INFORMATION:

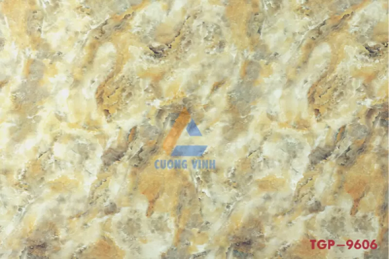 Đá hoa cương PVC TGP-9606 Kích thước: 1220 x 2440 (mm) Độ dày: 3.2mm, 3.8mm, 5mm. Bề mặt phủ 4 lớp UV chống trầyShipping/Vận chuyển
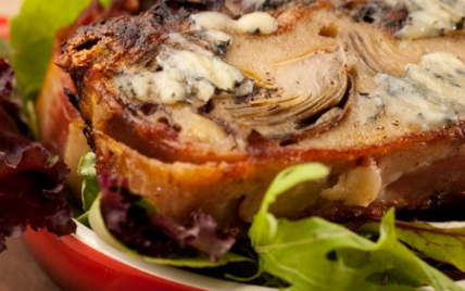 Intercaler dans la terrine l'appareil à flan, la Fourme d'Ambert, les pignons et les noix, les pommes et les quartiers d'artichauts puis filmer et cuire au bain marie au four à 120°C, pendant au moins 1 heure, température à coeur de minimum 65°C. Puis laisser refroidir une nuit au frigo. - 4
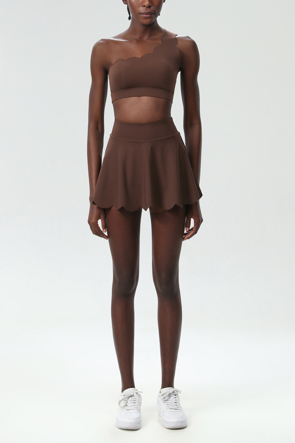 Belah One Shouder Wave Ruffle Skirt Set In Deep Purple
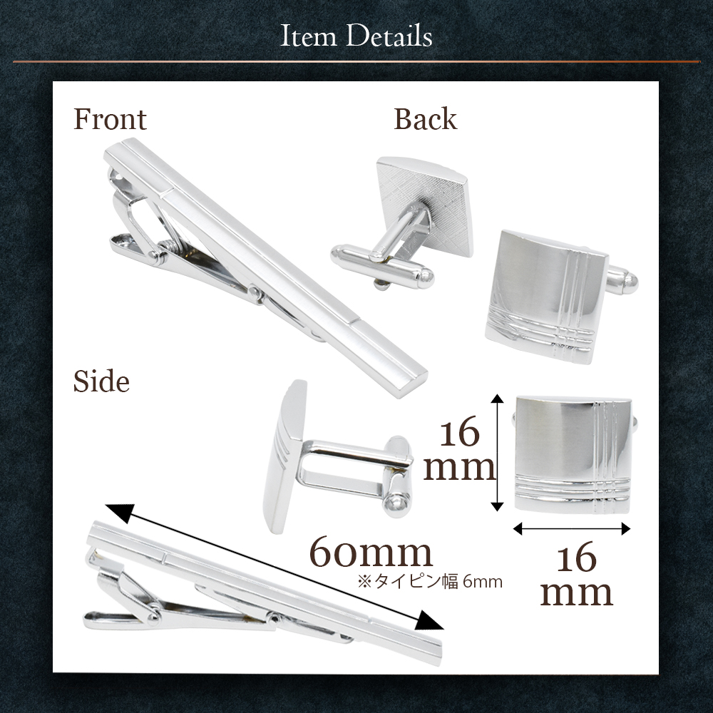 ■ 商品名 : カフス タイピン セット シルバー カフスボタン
---
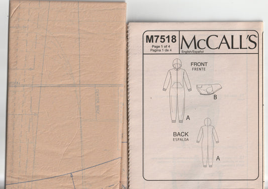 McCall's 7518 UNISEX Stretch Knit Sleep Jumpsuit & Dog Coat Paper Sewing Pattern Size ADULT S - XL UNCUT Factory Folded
==
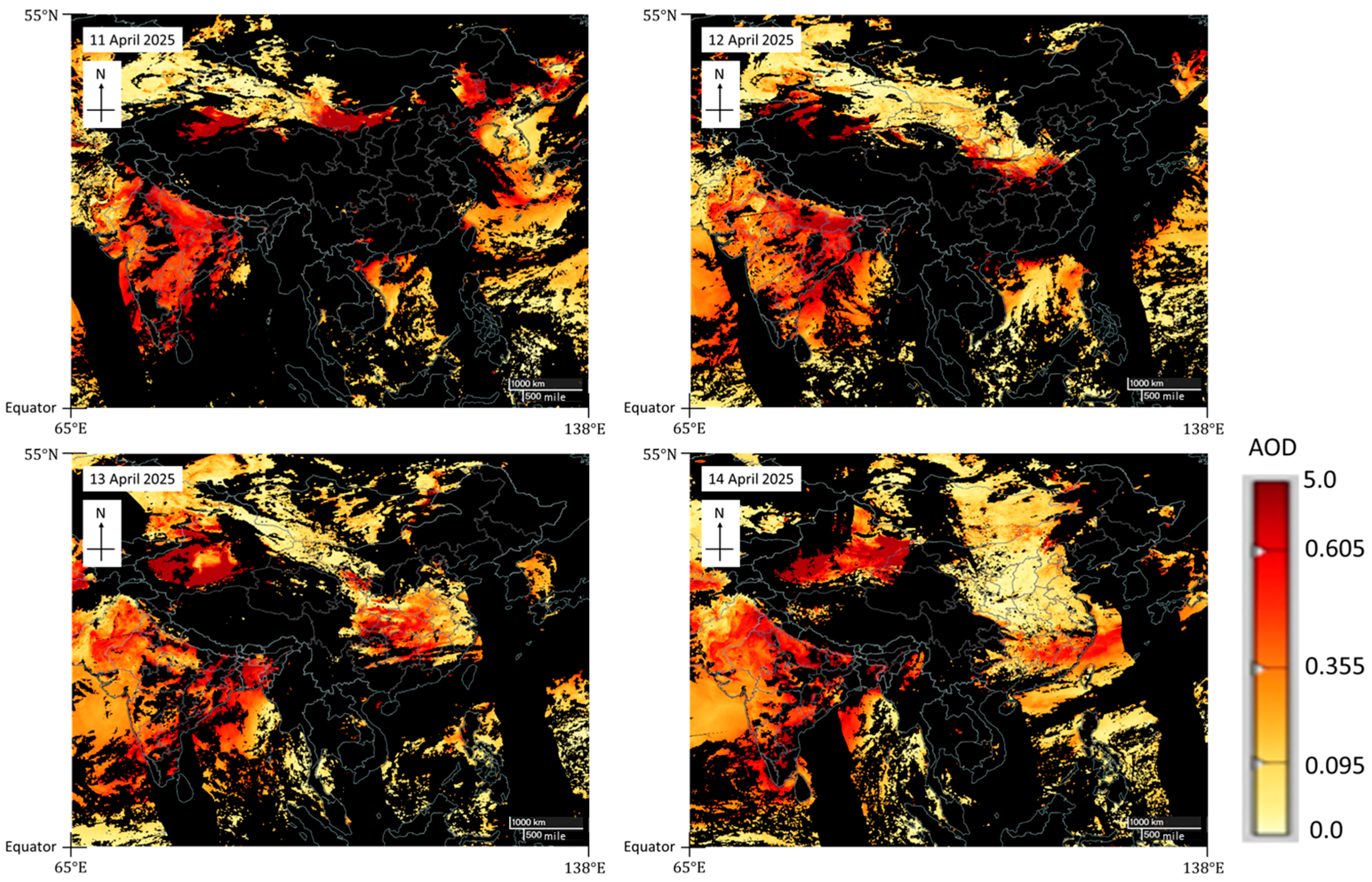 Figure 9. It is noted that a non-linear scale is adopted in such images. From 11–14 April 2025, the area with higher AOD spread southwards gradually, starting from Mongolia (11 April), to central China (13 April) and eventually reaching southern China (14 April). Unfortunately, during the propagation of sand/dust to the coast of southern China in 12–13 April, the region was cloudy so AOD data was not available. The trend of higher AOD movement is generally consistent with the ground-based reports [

WHAT THE TASK ASKS: Exact repeat of the material above: every line from the one with "Belah One Shouder" through the one with "セット シルバー カフスボタン", endpoints included, and nothing more. No pictures.

SOLUTION TO THIS EXERCISE:
 Belah One Shouder Wave Ruffle Skirt Set In Deep Purple
 ■ 商品名 : カフス タイピン セット シルバー カフスボタン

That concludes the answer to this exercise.